1          : PLAIN_INT
0          : PLAIN_INT
-5         : PLAIN_INT
333333333  : PLAIN_INT
1.0        : PLAIN_FLOAT
-5.0       : PLAIN_FLOAT
-33.212    : PLAIN_FLOAT
0.0        : PLAIN_FLOAT
-1.        : PLAIN_FLOAT
-3.        : PLAIN_FLOAT
1.3e5      : E_FLOAT
-1.2e5     : E_FLOAT
0.0e0      : E_FLOAT
5e-3       : E_FLOAT
3e23       : E_FLOAT
3E5        : E_FLOAT
-3E-12     : E_FLOAT
aether     : STRING 
1ee3       : STRING 
buzz       : STRING 
eeep       : STRING 
121212beep : STRING

正则表达式演示


<details>
<summary>英文:</summary>
I would use a regex for that (`(-?\d+)(\.\d*)?([eE]-?\d+)?$`), capture the different parts and decide depending on the output:

import re

lst = ['1', '0', '-5', '333333333', '1.0', '-5.0', '-33.212', '0.0', '-1.', '-3.', '1.3e5', '-1.2e5', '0.0e0', '5e-3', '3e23', '3E5', '-3E-12', 'aether', '1ee3', 'buzz', 'eeep', '121212beep']

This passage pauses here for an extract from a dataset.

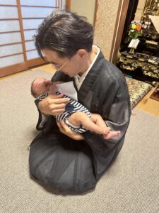 一方で、夕方に伺ったOさんのお宅では、喜びあふれるお参りとなりました。なんと、生まれて2ヶ月の赤ちゃんを抱いて、お孫さん夫婦も参ってくれました。このお孫さんは、かつて源光寺の子ども会やサマースクールにも通ってくれていました。あれから20年近くが経ちました。子ども会での無邪気な笑顔、進学・就職の報告、結婚という人生の節目、そして今、ご自身の子どもの誕生。思えば、Oさんのお宅との初めてのご縁は、Oさんのご主人(=お孫さんのおじいちゃま)のお葬儀でした。お葬式をお勤めしたご縁がその後も途切れず、毎年のようにご命日のお参りを重ねさせていただけたことで、ご家族の歩みに度々立ち会うことが出来ました。だからこそ、私にとっても、この日の喜びはひとしおなのです。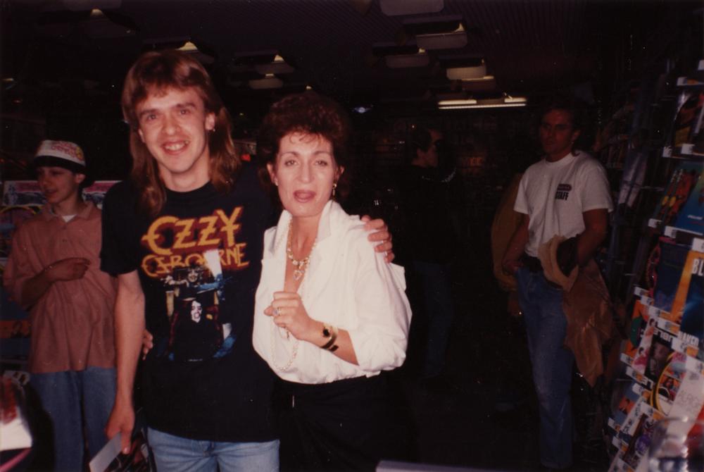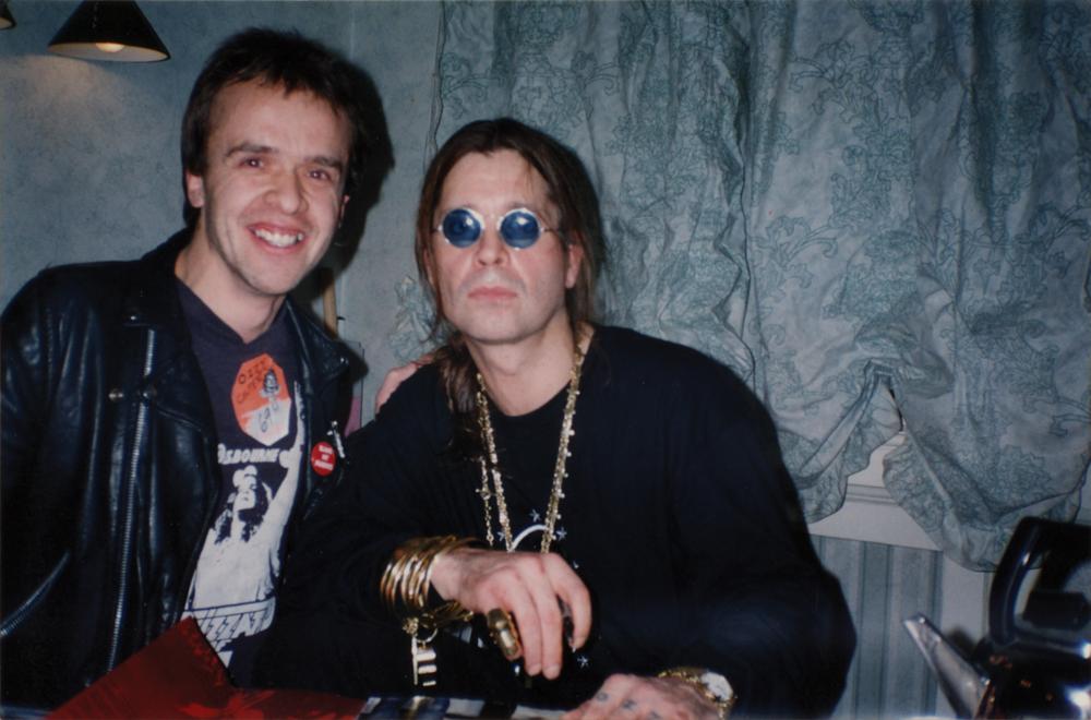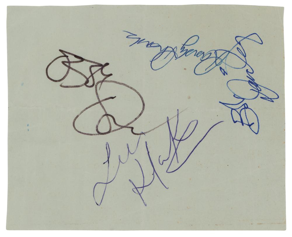 Ink and felt tip signatures of Black Sabbath’s Ozzy Osbourne, Randy Rhoads, Bob Daisley, and Lee Kerslake on an off-white 6 x 5 sheet. In very good to fine condition, with intersecting folds and overall creasing. Accompanied by two photos of the original recipient posing with Ozzy and Sharon Osbourne. Metal fans should salivate over this Blizzard of Oz autograph lineup, which includes the rare presence of guitar great Randy Rhoads, who died at the age of 25.

def determine_str_type(s):
pat = re.compile(r'(-?\d+)(.\d*)?([eE]-?\d+)?$')
match m.groups() if (m:=pat.match(s)) else None:
case None:
return 'STRING '
case (, None, None):
return 'PLAIN_INT'
case (, , None):
return 'PLAIN_FLOAT'
case (, _, _):
return 'E_FLOAT'

for s in lst:
print(f'{s: <11}: {determine_str_type(s)}')

Output:

1 : PLAIN_INT
0 : PLAIN_INT
-5 : PLAIN_INT
333333333 : PLAIN_INT
1.0 : PLAIN_FLOAT
-5.0 : PLAIN_FLOAT
-33.212 : PLAIN_FLOAT
0.0 : PLAIN_FLOAT
-1. : PLAIN_FLOAT
-3. : PLAIN_FLOAT
1.3e5 : E_FLOAT
-1.2e5 : E_FLOAT
0.0e0 : E_FLOAT
5e-3 : E_FLOAT
3e23 : E_FLOAT
3E5 : E_FLOAT
-3E-12 : E_FLOAT
aether : STRING
1ee3 : STRING
buzz : STRING
eeep : STRING
121212beep : STRING

[regex demo](https://regex101.com/r/J41gmM/1)
</details>

通过集体智慧和协作来改善编程学习和解决问题的方式。致力于成为全球开发者共同参与的知识库，让每个人都能够通过互相帮助和分享经验来进步。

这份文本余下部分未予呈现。